Work item: Please give the records below again in full, exactly, with the images left out.
+++
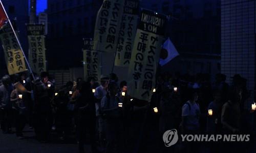 (도쿄=연합뉴스) 이세원 특파원 = 한국과 일본의 시민단체가 일본의 패전 70주년을 앞두고 일본 야스쿠니(靖國)신사 주변에서 참배 반대 등을 요구하는 촛불 시위를 벌였다.
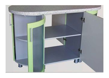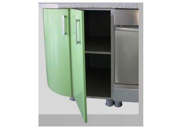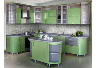 Описание кухонного гарнитура Производитель: Мебель-Комплект Вид: Модульные Фрезеровка: мыло Фасад: салатовый мет./серый мет. Каркас: серый Столешница: Гранит Сардинский
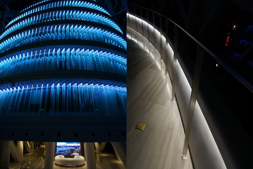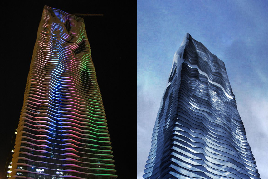 愛克瓦大廈(Aqua Tower,Aqua有“水”的意思)借助一些準(zhǔn)則,如視線、遮陽和功能,來控制建筑外輪廓的豎向體系。整個(gè)建筑看起來像一個(gè)巨型雕塑。大廈強(qiáng)有力的形體猶如裸露的石灰?guī)r層,并體現(xiàn)了那種塑造大湖區(qū)域的地質(zhì)力量。比較有意思的是,該大廈動(dòng)物權(quán)利組織PETA的一個(gè)“鳥類友好設(shè)計(jì)”的獎(jiǎng)項(xiàng)。 通過波浪形的室外設(shè)計(jì)和方便鳥類識別的帶有灰色記號的燒結(jié)玻璃的使用,甘建筑工作室創(chuàng)造了一個(gè)能幫助阻止鳥類撞向玻璃窗的設(shè)計(jì)作品。PETA的Proggy獎(jiǎng)用來獎(jiǎng)勵(lì)在經(jīng)濟(jì)和文化方面對動(dòng)物友好上的貢獻(xiàn)。如此建筑只要簡單的建筑亮化就能讓建筑本身熠熠生輝。
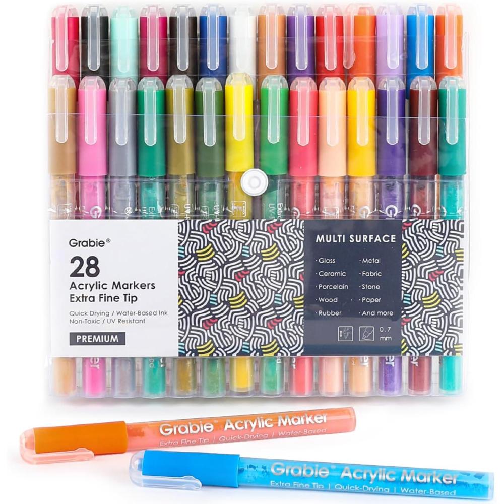 Grabie Acrylic Paint Pens Markers, 18 Colors, 0.7 mm, Extra Fine Tip Drawing Markers, Premium Paint Pens for Painting on Various Surface, Art Supplies(28 Colors Extra Fine Tip Acrylic Markers)
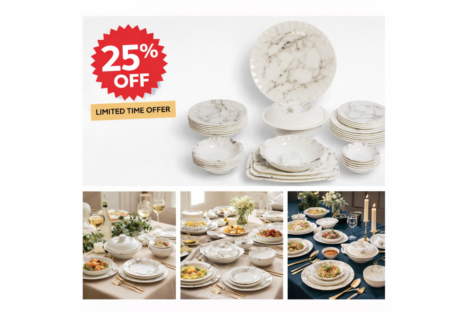 طقم سفرة متكامل بتصميم دائري أنيق، مناسب للاستخدام اليومي والضيافة، بجودة عملية وسهلة التنظيف.
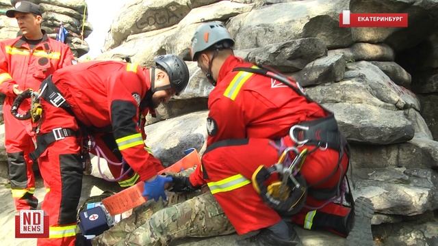 Учения спасателей в скалистой местности
+++
Result:
 (도쿄=연합뉴스) 이세원 특파원 = 한국과 일본의 시민단체가 일본의 패전 70주년을 앞두고 일본 야스쿠니(靖國)신사 주변에서 참배 반대 등을 요구하는 촛불 시위를 벌였다.
 Описание кухонного гарнитура Производитель: Мебель-Комплект Вид: Модульные Фрезеровка: мыло Фасад: салатовый мет./серый мет. Каркас: серый Столешница: Гранит Сардинский
 愛克瓦大廈(Aqua Tower,Aqua有“水”的意思)借助一些準(zhǔn)則,如視線、遮陽和功能,來控制建筑外輪廓的豎向體系。整個(gè)建筑看起來像一個(gè)巨型雕塑。大廈強(qiáng)有力的形體猶如裸露的石灰?guī)r層,并體現(xiàn)了那種塑造大湖區(qū)域的地質(zhì)力量。比較有意思的是,該大廈動(dòng)物權(quán)利組織PETA的一個(gè)“鳥類友好設(shè)計(jì)”的獎(jiǎng)項(xiàng)。 通過波浪形的室外設(shè)計(jì)和方便鳥類識別的帶有灰色記號的燒結(jié)玻璃的使用,甘建筑工作室創(chuàng)造了一個(gè)能幫助阻止鳥類撞向玻璃窗的設(shè)計(jì)作品。PETA的Proggy獎(jiǎng)用來獎(jiǎng)勵(lì)在經(jīng)濟(jì)和文化方面對動(dòng)物友好上的貢獻(xiàn)。如此建筑只要簡單的建筑亮化就能讓建筑本身熠熠生輝。
 Grabie Acrylic Paint Pens Markers, 18 Colors, 0.7 mm, Extra Fine Tip Drawing Markers, Premium Paint Pens for Painting on Various Surface, Art Supplies(28 Colors Extra Fine Tip Acrylic Markers)
 طقم سفرة متكامل بتصميم دائري أنيق، مناسب للاستخدام اليومي والضيافة، بجودة عملية وسهلة التنظيف.
 Учения спасателей в скалистой местности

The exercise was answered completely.